Some perspective that might help:
You are allowed (and required!) to use elementary operations like number_of_digits // 2 and divmod(digit_x * digit_x, B) ... in school arithmetic, where B is 10, you are required (for example) to know that divmod(9 * 8, 10) produces (7, 2).
When implementing large number arithmetic on a computer, it is usual to make B the largest power of 2 that will support the elementary multiplication operation conveniently. For example in the CPython implementation on a 32-bit machine, B is chosen to to be 2 ** 15 (i.e. 32768), because then product = digit_x * digit_y; hi = product >> 15; lo = product & 0x7FFF; works without overflow and without concern about a sign bit.

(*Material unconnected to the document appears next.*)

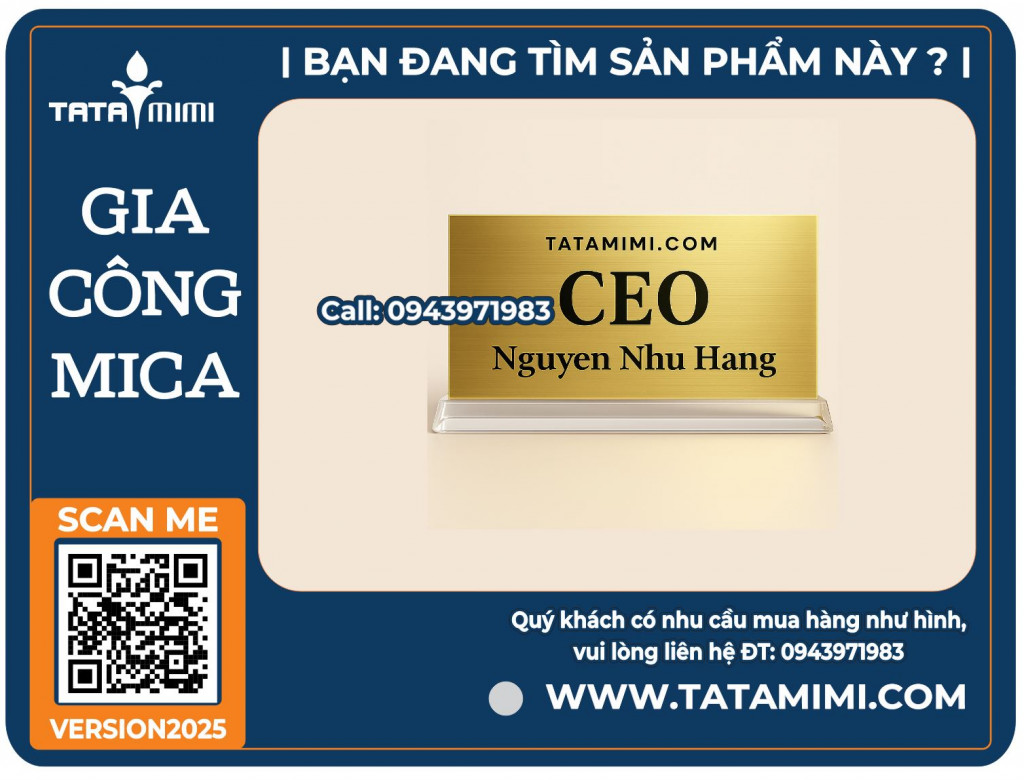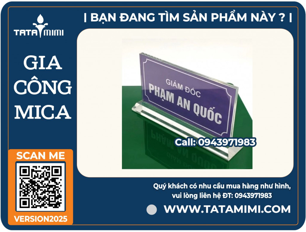 👉 Đừng bỏ qua bảng tên chức danh mica để bàn – sản phẩm chuyên dùng trong phòng họp, quầy lễ tân, bàn làm việc lãnh đạo.

I'm not sure what you are trying to achieve with an implementation in Python that uses B == 2, with numbers represented by Python ints, whose implementation in C already uses the Karatsuba algorithm for multiplying numbers that are large enough to make it worthwhile. It can't be speed.
As a learning exercise, you might like to try representing a number as a list of digits, with the base B being an input parameter.